▶ SUPPLIED MATERIAL
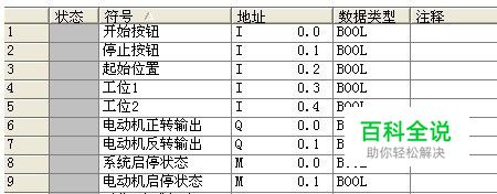 系统资源分配: 整个系统有5个数字输入量,2个数字输出量,若干个位存储器。 符号表中一般定义好数字输入量和输出量,对于位存储器的定义可以在符号表中定义,可以不定义。 这里为了增加程序的可读性和可维护性,选择定义在符号表中定义位存储器,输入输出量。
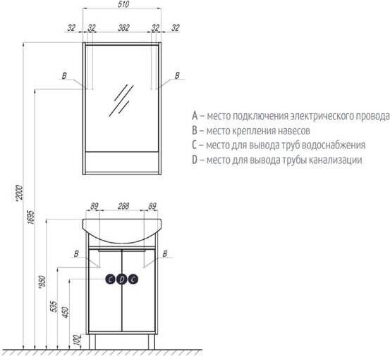 Мебель для ванной Акватон Рико 50 1A212401RIB90 бел/ясень фабрик
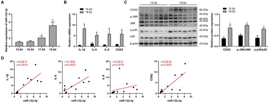 The potential role of miR-132-3p in labor was explored by analyzing the expression of miR-132-3p in mouse amnion membranes during late gestation. In Figure 1A, miR-132-3p showed a gradual increase from 15.5 to 18.5 dpc in mouse amnion membranes, coupled with significant upregulation in the mRNA expression of IL-1β, IL-6, IL-8, and COX2 at 18.5 dpc relative to 15.5 dpc (Figure 1B). Additionally, Western blot analysis revealed a significant rise in COX2 protein as well as phosphorylated p38 and JNK levels in mouse amnion membranes at 18.5 dpc versus 15.5 dpc (Figure 1C). Furthermore, the expression of miR-132-3p in mouse amnion membranes were positively correlated with that of IL-1β, IL-6, and COX2 mRNA, but not in the expression of miR-132-3p and IL-8 mRNA (Figure 1D), suggesting a potential role of amniotic miR-132-3p in the process of parturition.
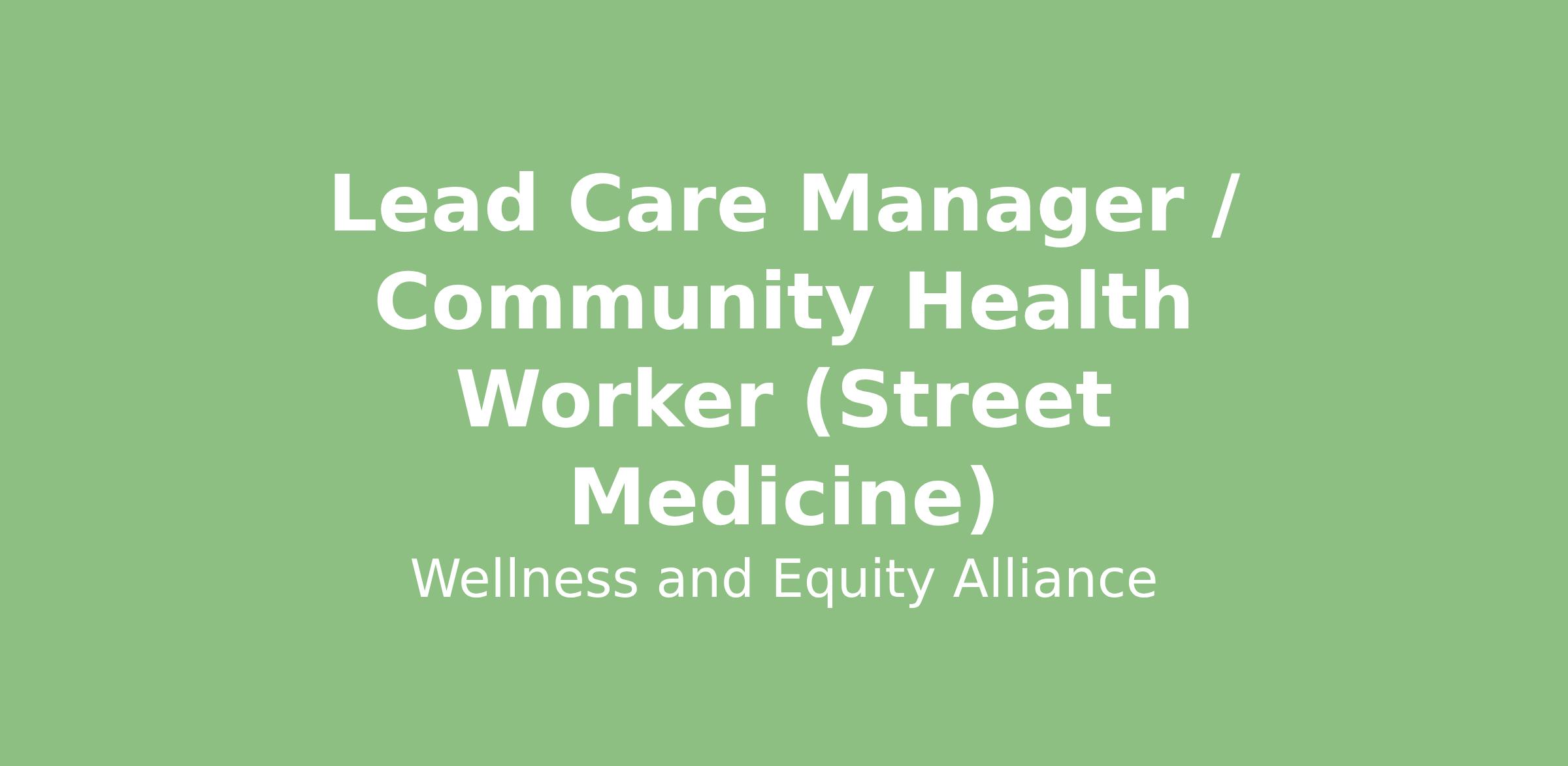 The WEA team is diverse, inclusive, and nimble enough to assemble teams of healthcare professionals within days using our proven local staff recruitment models to address population health crises and communicable disease outbreaks. The WEA teamβs partnership model is collaborative and allows hospitals, health jurisdictions, state/local government agencies to provide timely care using equity-based strategies for individuals and marginalized communities.Elevate your career to new heights with an opportunity that transcends traditional healthcare boundaries!Wellness Equity Alliance is actively seeking compassionate and driven individuals for several pivotal roles in our groundbreaking Street Medicine program. Street Medicine is an innovative and compassionate approach to healthcare, designed to meet individuals experiencing homelessness right where they are: on the streets, in shelters, or within underserved communities. Working for WEA is more than a job; it's a calling to serve those who are most in need, directly in their environment.
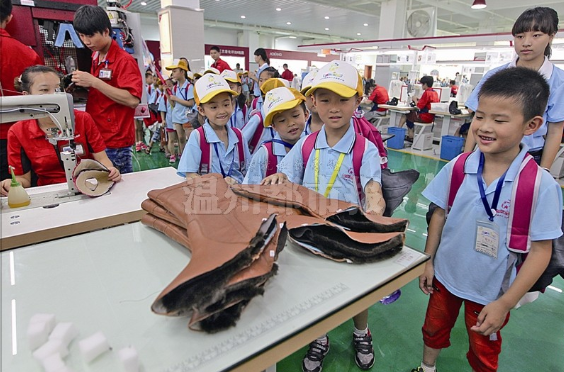 尊龙凯时集团投入100多万元开设的“暑假学堂”昨天正式开课。该学堂的232名学员,全部是来自全国各地的尊龙凯时员工子弟,学习时间为40天,吃住行全部免 费。昨天的第一堂课安排在尊龙凯时瓯北工业园内的车间流水线上,这些学员在车间实地了解了制鞋流程、检验皮鞋质量(如图),并亲自给父母送“清凉”等。

▶ WHAT YOU HAVE TO DO
Extract all the entries word for word; omit any pictures.

▶ SOLUTION
 系统资源分配: 整个系统有5个数字输入量,2个数字输出量,若干个位存储器。 符号表中一般定义好数字输入量和输出量,对于位存储器的定义可以在符号表中定义,可以不定义。 这里为了增加程序的可读性和可维护性,选择定义在符号表中定义位存储器,输入输出量。
 Мебель для ванной Акватон Рико 50 1A212401RIB90 бел/ясень фабрик
 The potential role of miR-132-3p in labor was explored by analyzing the expression of miR-132-3p in mouse amnion membranes during late gestation. In Figure 1A, miR-132-3p showed a gradual increase from 15.5 to 18.5 dpc in mouse amnion membranes, coupled with significant upregulation in the mRNA expression of IL-1β, IL-6, IL-8, and COX2 at 18.5 dpc relative to 15.5 dpc (Figure 1B). Additionally, Western blot analysis revealed a significant rise in COX2 protein as well as phosphorylated p38 and JNK levels in mouse amnion membranes at 18.5 dpc versus 15.5 dpc (Figure 1C). Furthermore, the expression of miR-132-3p in mouse amnion membranes were positively correlated with that of IL-1β, IL-6, and COX2 mRNA, but not in the expression of miR-132-3p and IL-8 mRNA (Figure 1D), suggesting a potential role of amniotic miR-132-3p in the process of parturition.
 The WEA team is diverse, inclusive, and nimble enough to assemble teams of healthcare professionals within days using our proven local staff recruitment models to address population health crises and communicable disease outbreaks. The WEA teamβs partnership model is collaborative and allows hospitals, health jurisdictions, state/local government agencies to provide timely care using equity-based strategies for individuals and marginalized communities.Elevate your career to new heights with an opportunity that transcends traditional healthcare boundaries!Wellness Equity Alliance is actively seeking compassionate and driven individuals for several pivotal roles in our groundbreaking Street Medicine program. Street Medicine is an innovative and compassionate approach to healthcare, designed to meet individuals experiencing homelessness right where they are: on the streets, in shelters, or within underserved communities. Working for WEA is more than a job; it's a calling to serve those who are most in need, directly in their environment.
 尊龙凯时集团投入100多万元开设的“暑假学堂”昨天正式开课。该学堂的232名学员,全部是来自全国各地的尊龙凯时员工子弟,学习时间为40天,吃住行全部免 费。昨天的第一堂课安排在尊龙凯时瓯北工业园内的车间流水线上,这些学员在车间实地了解了制鞋流程、检验皮鞋质量(如图),并亲自给父母送“清凉”等。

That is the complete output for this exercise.